Required work:
Please produce a character-exact copy of the listing that follows, omitting all images.

Data segment:

□ □ □ □

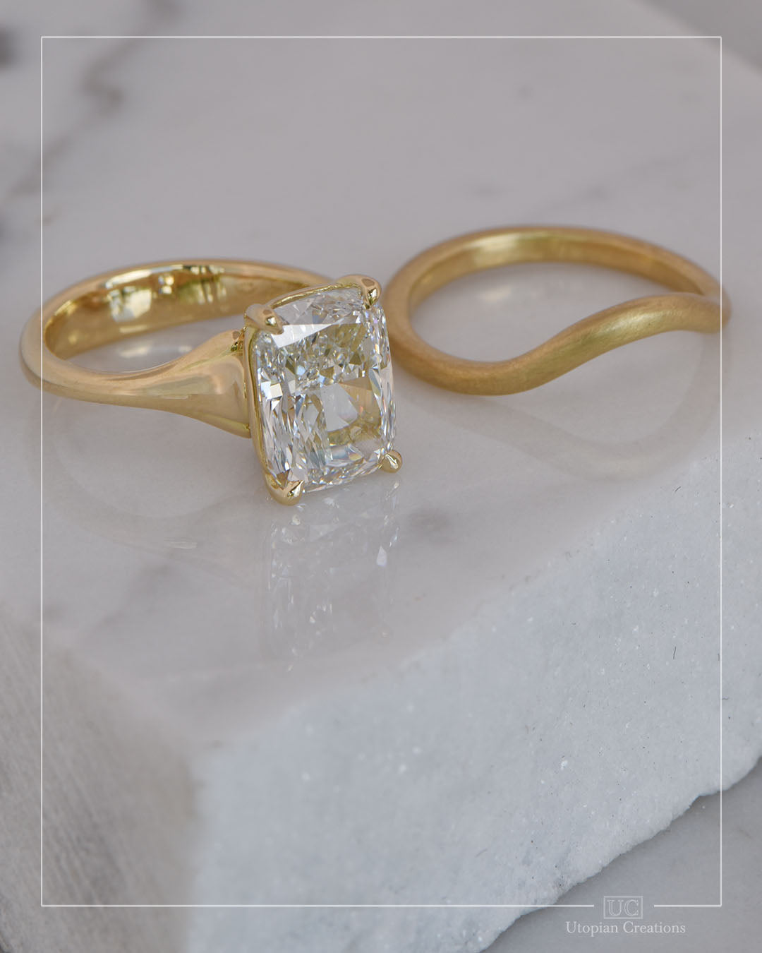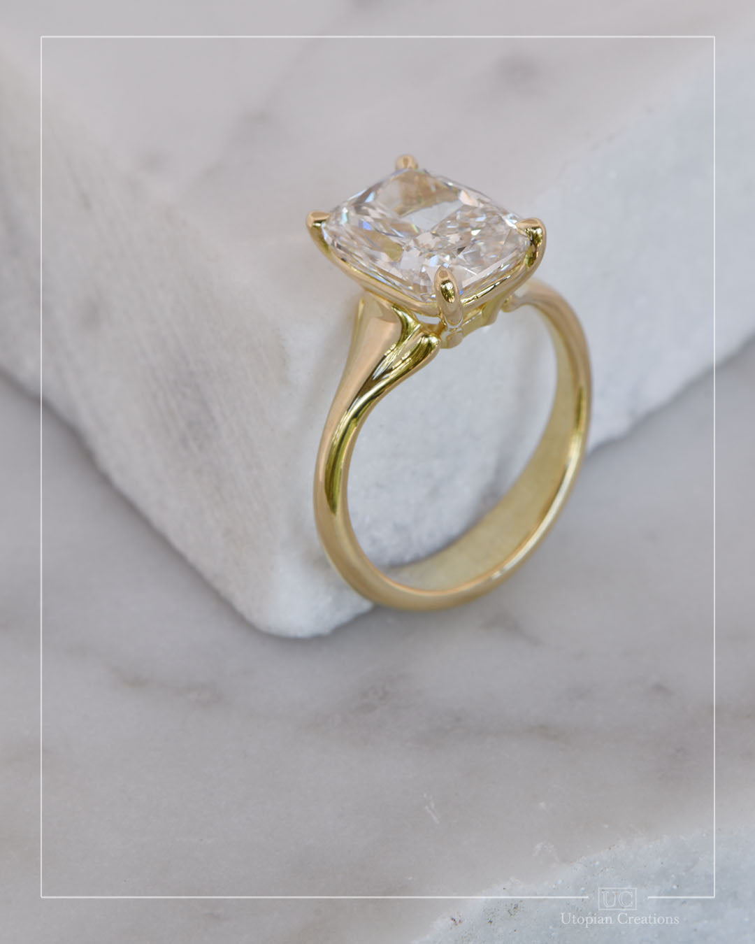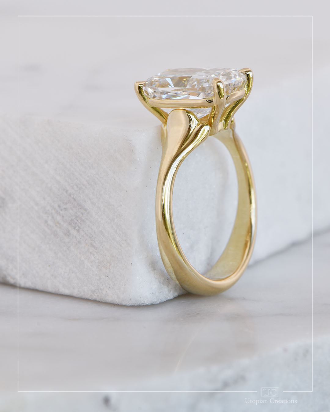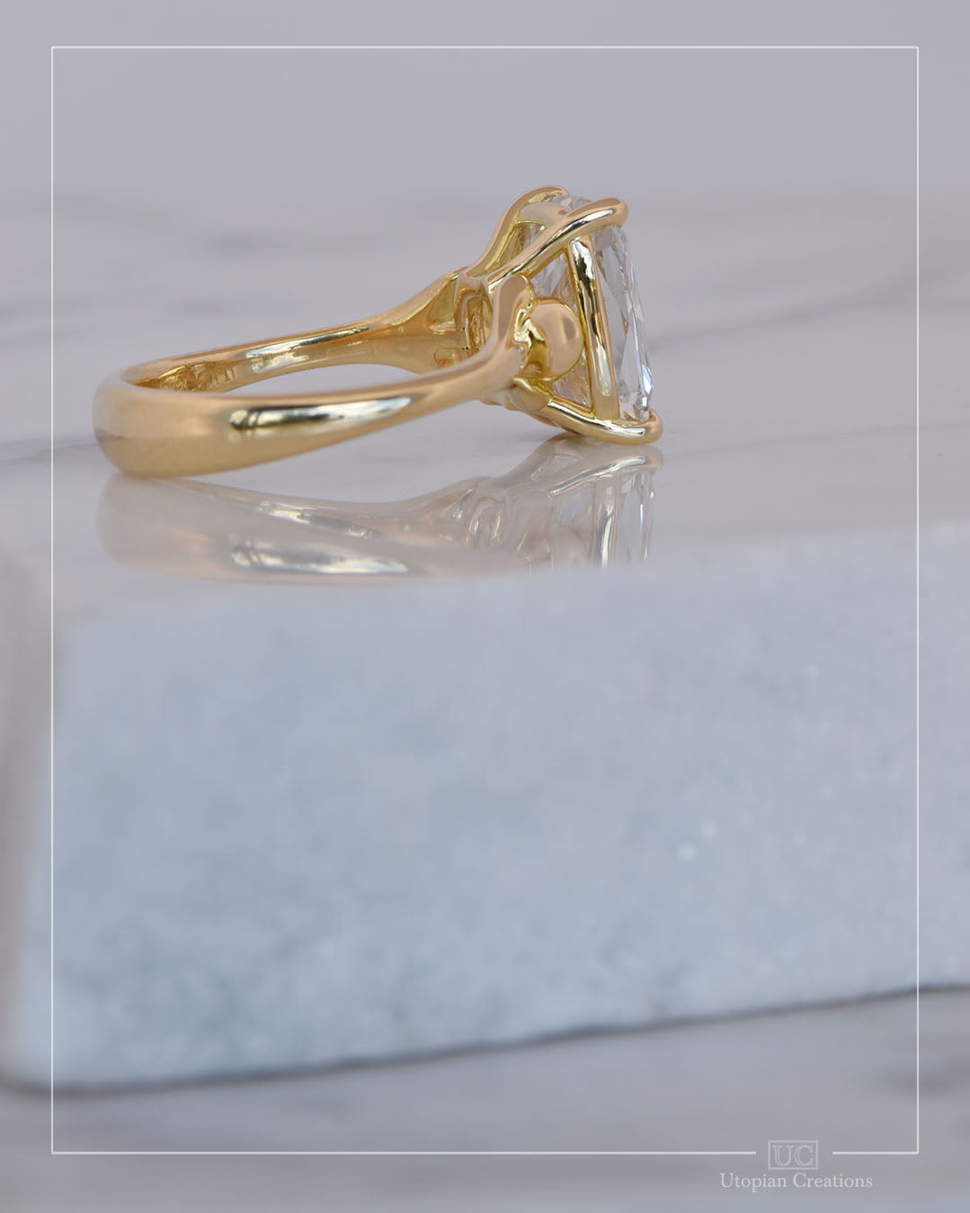 While many high-carat settings can feel imposing or "blocky," the Valerie defies expectations. Designed with a light, airy architecture, this 18k yellow gold masterpiece eschews heavy metalwork in favour of an elegant, open profile. The 4-claw setting is engineered to prioritise both the security of the stone and a seamless, comfortable feel for daily wear. The Valerie isn't just a ring; it’s a masterclass in modern jewellery design. It marries the timeless warmth of yellow gold with an innovative, "floating" aesthetic, promising to be a radiant companion for your most cherished moments.
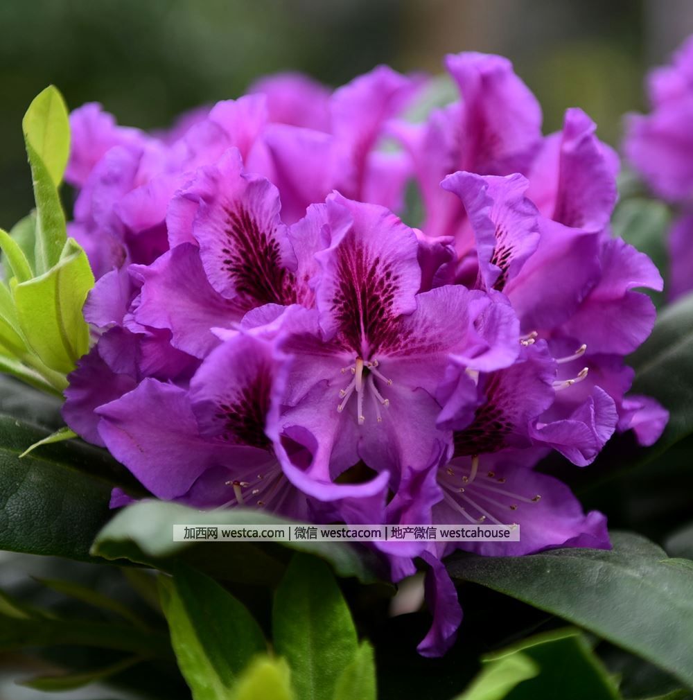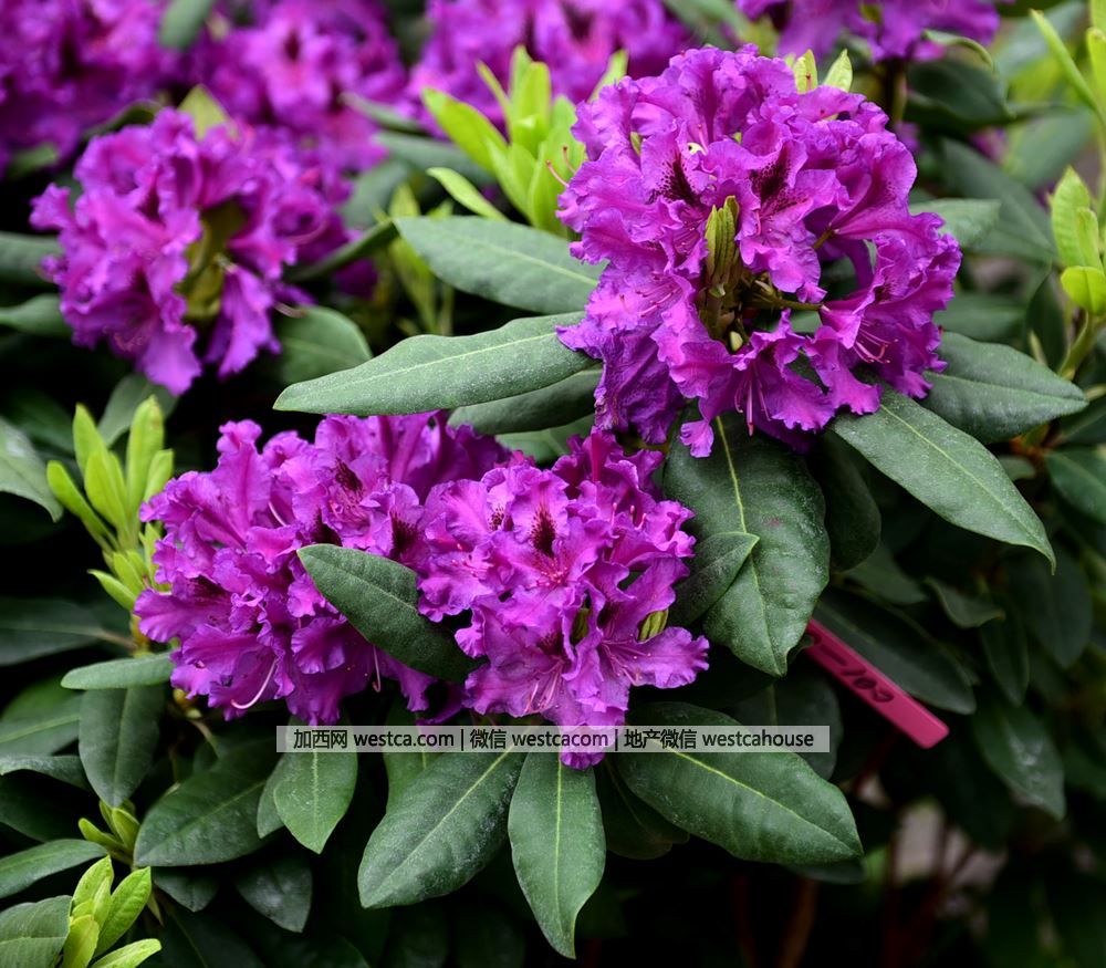 ‘阿朱’杜鵑(Rhododendron'Azurro'):花朵深紫色,華麗典雅,最上面壹枚花瓣具深紫紅色斑點,5枚花瓣邊緣略呈波浪狀,花束由11-14朵花組成。
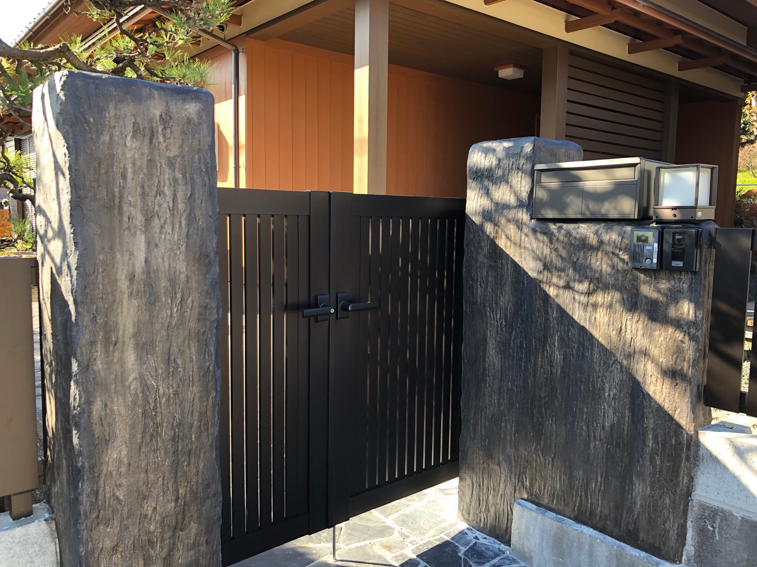 豊川市K様邸モルタル造形|重厚な木材をイメージして作った手入れ不要の腐らない門柱
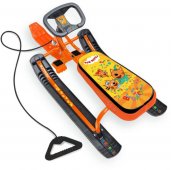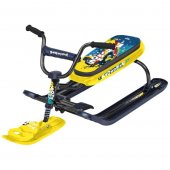 Имеет сварную конструкцию из стальных труб, пластмассовые морозостойкие лыжи и мягкое сиденье, буксировочный трос.

□ □ □ □

Solution for this exercise:
 While many high-carat settings can feel imposing or "blocky," the Valerie defies expectations. Designed with a light, airy architecture, this 18k yellow gold masterpiece eschews heavy metalwork in favour of an elegant, open profile. The 4-claw setting is engineered to prioritise both the security of the stone and a seamless, comfortable feel for daily wear. The Valerie isn't just a ring; it’s a masterclass in modern jewellery design. It marries the timeless warmth of yellow gold with an innovative, "floating" aesthetic, promising to be a radiant companion for your most cherished moments.
 ‘阿朱’杜鵑(Rhododendron'Azurro'):花朵深紫色,華麗典雅,最上面壹枚花瓣具深紫紅色斑點,5枚花瓣邊緣略呈波浪狀,花束由11-14朵花組成。
 豊川市K様邸モルタル造形|重厚な木材をイメージして作った手入れ不要の腐らない門柱
 Имеет сварную конструкцию из стальных труб, пластмассовые морозостойкие лыжи и мягкое сиденье, буксировочный трос.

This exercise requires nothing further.